Background of Waqf Properties

- Definition: Waqf refers to assets donated by Muslims for religious, charitable, or community purposes. Ownership is deemed divine, with benefits directed toward specified causes.
- Legal Framework: Governed by the Waqf Act (1995), these properties are managed by state-level Waqf Boards.
- Scale in India: With over 870,000 properties spanning 940,000 acres (valued at ₹1.2 lakh crore), Waqf Boards rank among India’s largest landowners, surpassed only by the Railways and Armed Forces.
Historical Context

- Origins: The concept dates to the Delhi Sultanate, with Sultan Muizuddin Sam Ghaor dedicating villages to mosques.
- Colonial Era: British authorities criticized Waqf as a “perpetuity,” but the 1913 Mussalman Waqf Validating Act preserved its legality.
- Post-Independence: The 1954 Waqf Act established regulatory bodies, later strengthened by the 1995 Act to prevent encroachment and mismanagement.
Key Reforms in the UMEED Bill

- Governance Inclusivity:
- Mandates non-Muslim representation in Central and State Waqf Boards to foster transparency.
- Restricts Waqf dedications to practicing Muslims (minimum 5 years) and safeguards inheritance rights for women and children.
- Legal Adjustments:
- Repeals Section 40 of the 1995 Act, which allowed unilateral Waqf land designations.
- Excludes trusts from Waqf regulations if governed by other charity laws.
- Dispute Resolution:
- Introduces High Court appeals against Waqf Tribunal rulings.
- Assigns senior officials (above Collector rank) to adjudicate government-Waqf land disputes.
- Financial & Administrative Reforms:
- Reduces mandatory contributions to Waqf Boards from 7% to 5%, freeing funds for community projects.
- Mandates digital registration of all properties on a centralized portal within six months.
- Requires audits for institutions earning over ₹1 lakh annually.
- Protective Measures:
- Bars Waqf designations on tribal lands (Scheduled V/VI areas).
- Retains pre-2025 “Waqf by user” registrations unless disputed.

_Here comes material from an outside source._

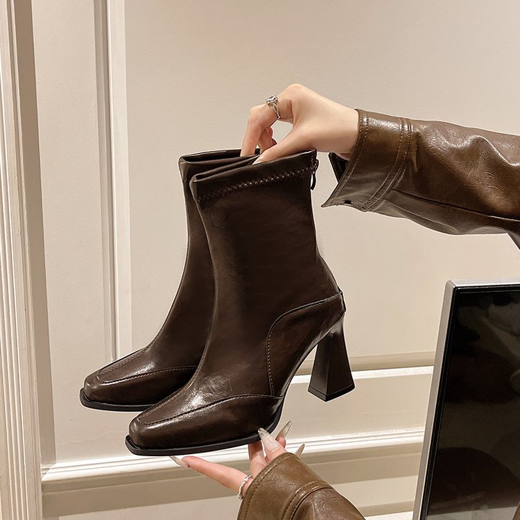 方头高跟瘦瘦靴女粗跟短靴2025秋冬新款复古马丁靴英伦风短筒单靴
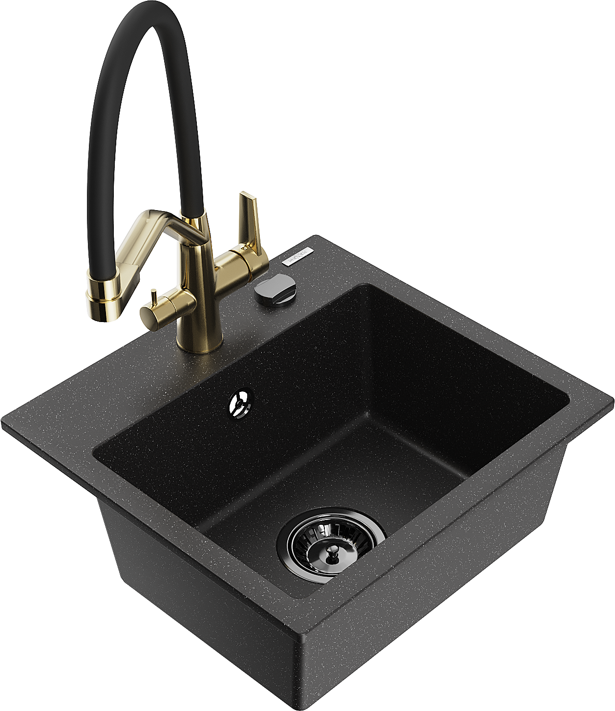 Mexen Milo granieten gootsteen 1-komor met Duo keukenmengkraan, zwart/zilver metallic - 6505-73-671701-57-B

Controversies and Opposition

- Religious Autonomy Concerns: Critics argue the bill undermines Muslim self-governance by imposing non-Muslim members on boards, violating constitutional rights (Articles 25–26).
- Centralization Risks: Shifting authority to bureaucrats (e.g., replacing tribunals with district officials) may delay resolutions and fuel legal battles.
- Historical Erasure: Removing “Waqf by user” provisions threatens properties historically used for religious purposes without formal deeds.
- Lack of Consultation: Stakeholders allege insufficient dialogue with Muslim communities, risking mistrust and implementation hurdles.
Significance of the Bill

- Transparency: Digital audits and centralized data aim to curb corruption.
- Efficiency: Simplified processes and reduced bureaucracy could expedite decision-making.
- Social Equity: Inheritance safeguards and tribal land protections address marginalized groups’ rights.
Conclusion
The UMEED Bill represents a contentious yet transformative effort to modernize Waqf governance. While proponents highlight its potential to enhance accountability and resource utilization, critics warn of overreach and erosion of minority autonomy. Its success hinges on balancing administrative efficiency with respect for religious traditions.